As is now common, liberal wonks are pointing to the baseline scenario as evidence that we don’t really have a deficit problem. After all, Congress just has to follow current policy in order to keep revenues nearly in line with expenditures. But even forgetting about the country’s historical inability to raise tax levels substantially above 20 percent of GDP, there’s simply no plausible near-future political environment in which this happens. It’s a cute fantasy designed to comfort those who don’t want to cut federal spending.
And ultimately, it’s the increases in spending that kill us: “If that rising level of spending is coupled with revenues that are held close to the average share of GDP that they have represented for the past 40 years…”, the CBO says, “the resulting deficits will increase federal debt to unsupportable levels.”
The more worrisome part of the CBO forecast, though, are the GDP and unemployment numbers, which are largely in line with the forecasts we’ve seen from the Fed and private analysts.

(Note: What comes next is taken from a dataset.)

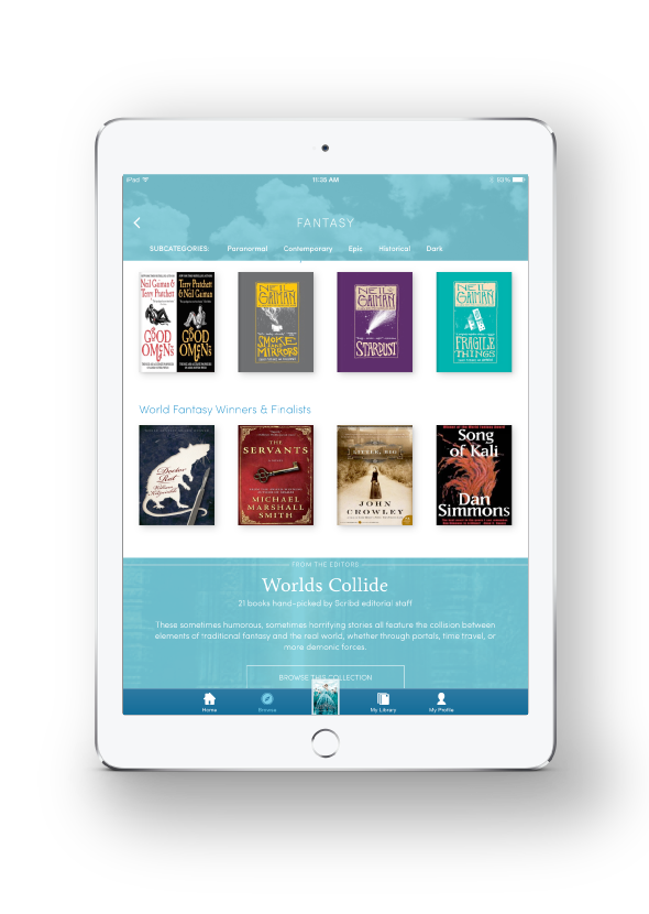 Scribd menawarkan kemudahan akses tak terbatas bagi setiap pelanggan untuk meminjam lebih dari setengah juta e-book dan buku audio. Buku elektronik untuk orang dewasa dan anak-anak. Setiap pelanggan membayar iuran bulanan sebesar $8,99. Keunggulan Scribd dengan menjalin kemitraan dengan dua penerbit terbesar di dunia, yaitu HarperCollins and Simon & Schuster.

It portends a future of a near-stagnant economy that would be in danger of being pushed into yet another recession by any number of possible events beyond the control of anyone in Washington, whether its an international crisis, more trouble in the Eurozone, or a spike in energy prices that sends shockwaves through the economy. With employment already near 9% and likely to stay there for two years or more, another recession would be disastrous, with unforeseeable political consequences. Thanks to our long term debt issues, there isn’t a whole lot that Washington can do in the way of direct stimulus — both massive new spending and a massive new tax cut (without spending cuts) seem out of the question right now. The Federal Reserve has kept interest rates near zero for years now, and apparently plans to continue doing so through 2014. It’s hard to see what else there is left to do other than let things work themselves out. Of course, that’s never the answer politicians want to hear.